On the other hand, when the hardness of steel is increased, there is a problem that plastic deformation is less likely to occur and the steel becomes brittle. Therefore, if the hardness of the steel is increased, wear debris may be generated or cracks may be generated, so that seizure may be more likely to occur.

An object of the present invention is to provide a steel material for sliding parts having improved seizure resistance, and to provide a method for manufacturing a steel material for sliding parts having improved seizure resistance.

The steel material for impulse parts according to one embodiment of the present invention has a chemical composition of% by mass, C: 0.3 to 0.55%, Si: 0.7% or less, Mn: 0.4 to 1.8%. , Cr: 0.3% or less, Ni: 0.5% or less, Cu: 0.5% or less, Al: 0.005 to 0.06%, N: 0.001 to 0.04%, P: 0 .03% or less, S: 0.035% or less, balance: Fe and impurities, and at least a part of the steel material for sliding parts has a martensite fraction as hardened, with a structure up to a depth of at least 200 μm from the surface. The structure is 50 to 80%, the retained austenite fraction is 5 to 10%, and the balance is a ferrite phase.

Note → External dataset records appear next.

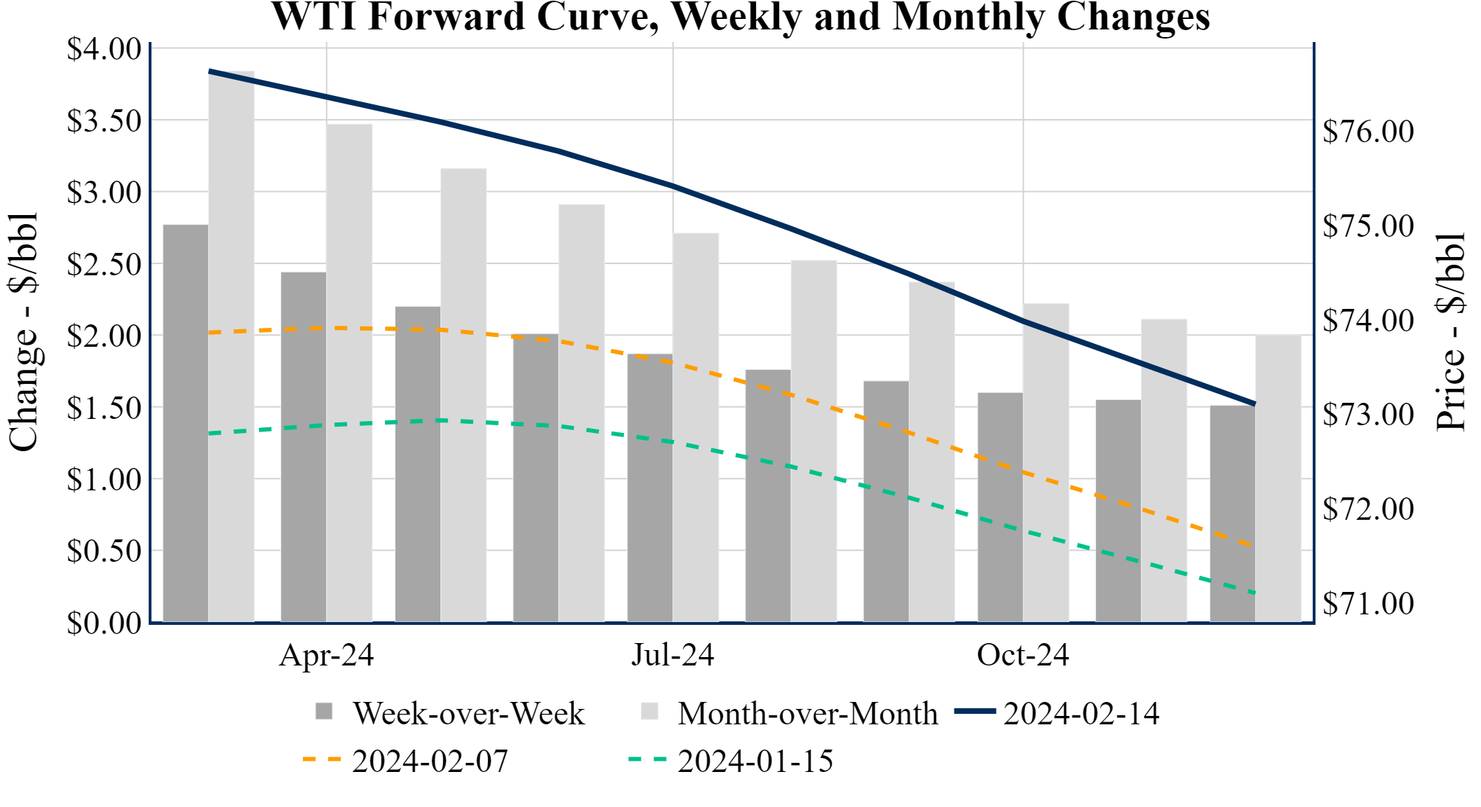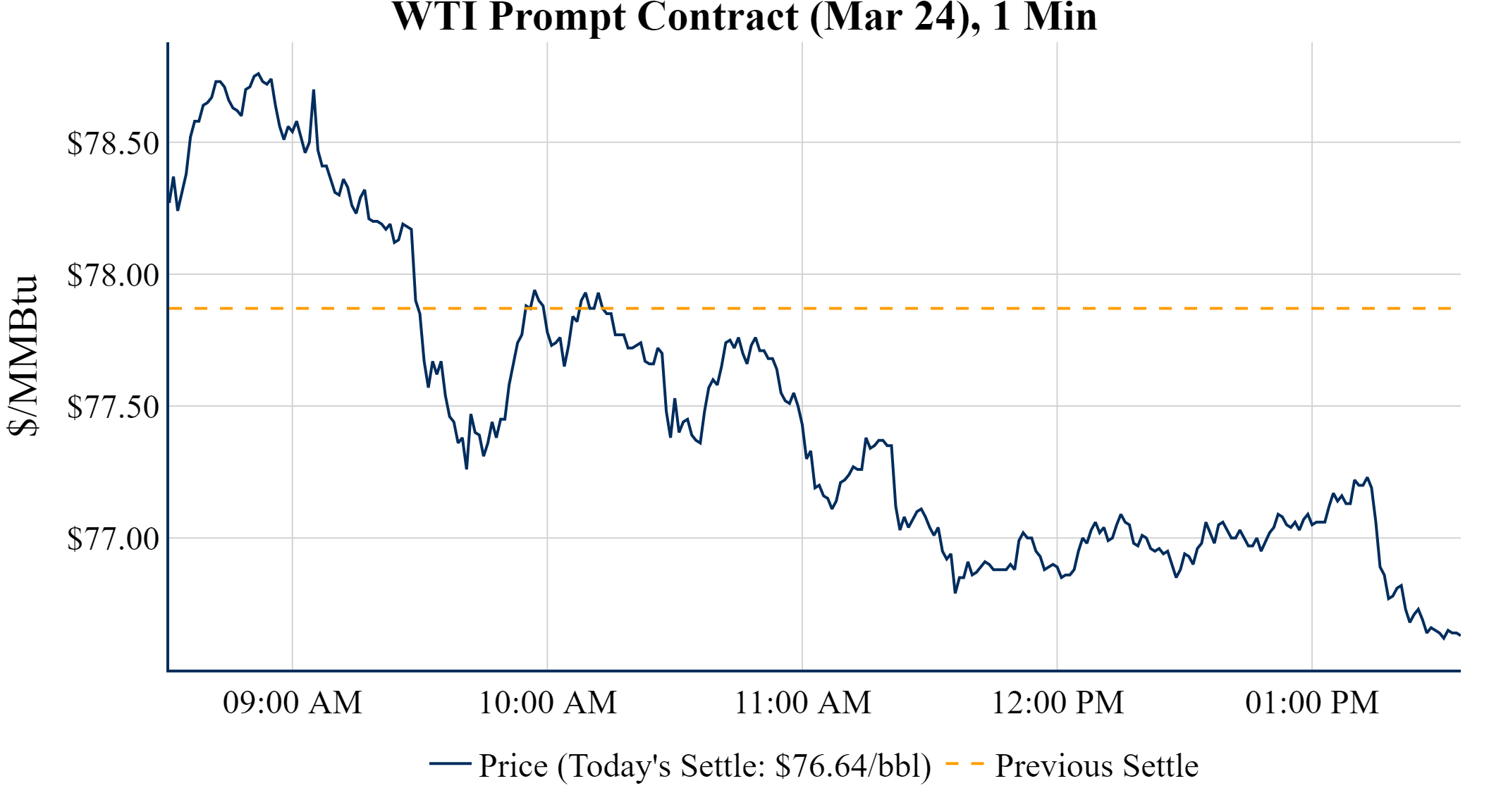 Prompt-Month WTI (Mar 24) was down $-1.23 on the day, to settle at $76.64
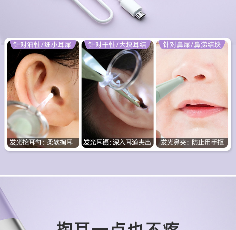 Светящаяся детская ухочистка, детский пинцет для ушей
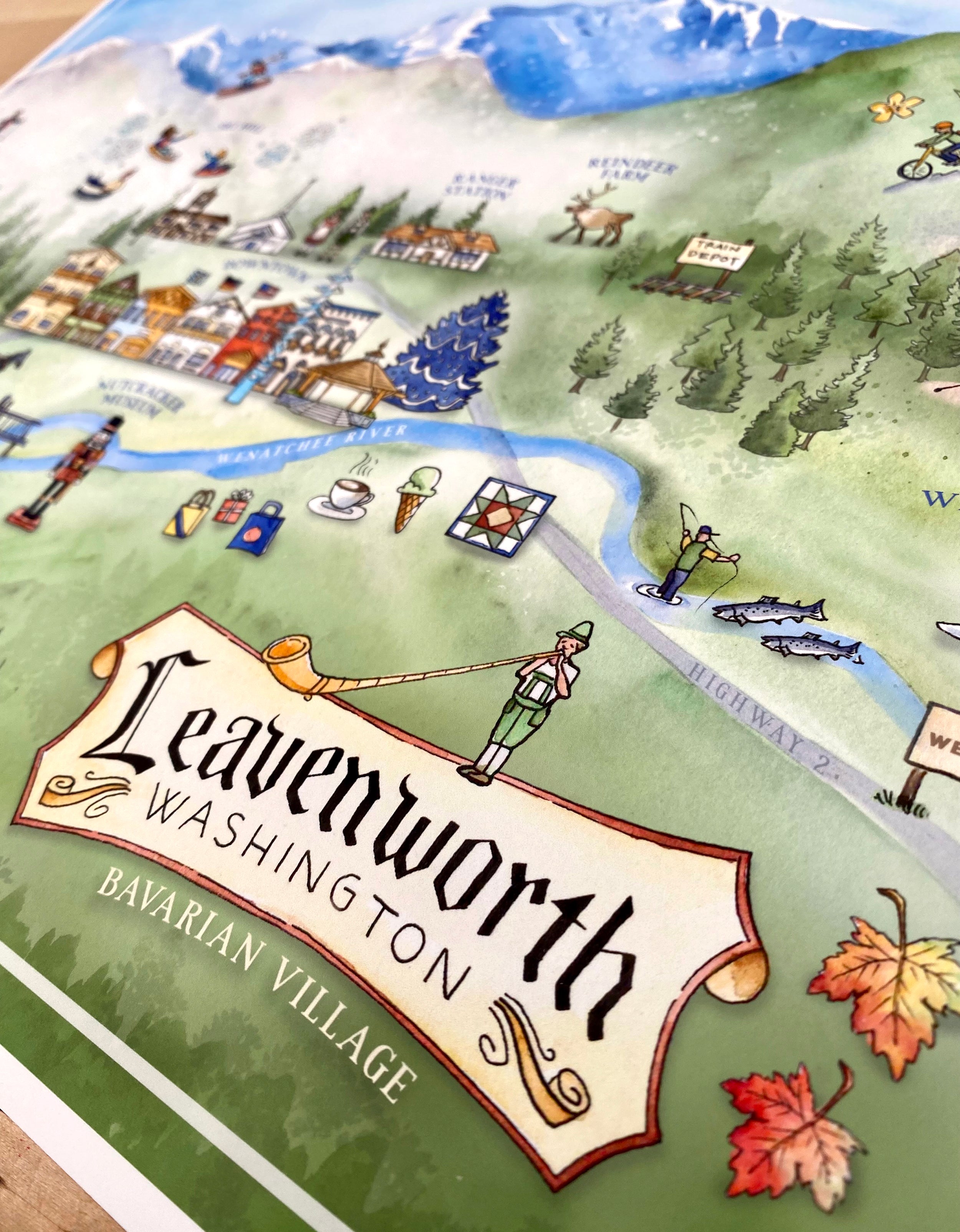 Leavenworth WA Bavarian Mountains Map Art Print – Elizabeth Person
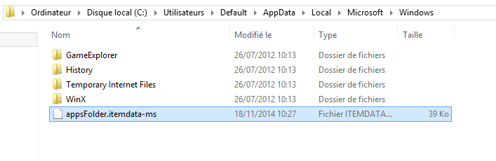 Pour personnaliser l’écran d’accueil dans le Default User, il est nécessaire de récupérer un fichier de configuration. Ce fichier nommé « appsfolder.itemdata-ms » est disponible au chemin suivant pour chaque utilisateur :

The method for producing a steel material for sliding parts according to an embodiment of the present invention has a chemical composition of C: 0.3 to 0.55%, Si: 0.7% or less, Mn: 0.4 to% in mass%. 1.8%, Cr: 0.3% or less, Ni: 0.5% or less, Cu: 0.5% or less, Al: 0.005 to 0.06%, N: 0.001 to 0.04% , P: 0.03% or less, S: 0.035% or less, balance: Fe and the step of preparing a material which is an impurity, and at least a part of the material is heated to a heating temperature of 720 to 770 ° C. It comprises a step of holding for 5 to 60 minutes and a step of cooling the heated portion of the material so that the average cooling rate in the temperature range from the heating temperature to 200 ° C. is 10 ° C./sec or more.

According to the present invention, a steel material for sliding parts having improved seizure resistance can be obtained.

FIG. 1 is a flow chart showing an example of a method for manufacturing a steel material for sliding parts according to an embodiment of the present invention. FIG. 2 is a schematic diagram of a pin-on disc type friction test. FIG. 3 is a schematic diagram of nano-hardness measurement by the nano-indentation method. FIG. 4 is a diagram for explaining Rms. FIG. 5 shows the surface observation results of the test material of test number 3 measured by an atomic force microscope after the wear test. FIG. 6 shows the surface observation results of the test material of test number 4 measured by an atomic force microscope after the wear test. FIG. 7 is a surface observation result after the seizure test of the test material of test number 3 measured by an atomic force microscope. FIG. 8 shows the surface observation results of the test material of test number 4 measured by an atomic force microscope after the seizure test.

The present inventors prepared various steel materials and conducted a seizure resistance test assuming a crankshaft for automobiles to evaluate the seizure surface pressure. As a result, the following findings were obtained.

(A) Controlling factors of seizure resistance The seizure surface pressure does not have much correlation with the hardness (Hv hardness) of steel materials, and the hardness within several hundred nm from the surface (sliding surface) (hereinafter referred to as "nano hardness"). ".) Depends on. The higher the nanohardness of the steel material, the higher the seizure surface pressure (the higher the seizure resistance).

However, although the seizure surface pressure can be estimated to some extent from the nanohardness among steel materials having the same structure, the seizure surface pressure cannot be correctly estimated from the nanohardness alone between steel materials having different structures. The seizure surface pressure between steel materials with different structures shows a good correlation with the value obtained by dividing the nano-hardness by the surface roughness of the steel material after sliding. That is, the seizure surface pressure increases as the nanohardness of the steel material is high and the surface roughness of the steel material after sliding is small.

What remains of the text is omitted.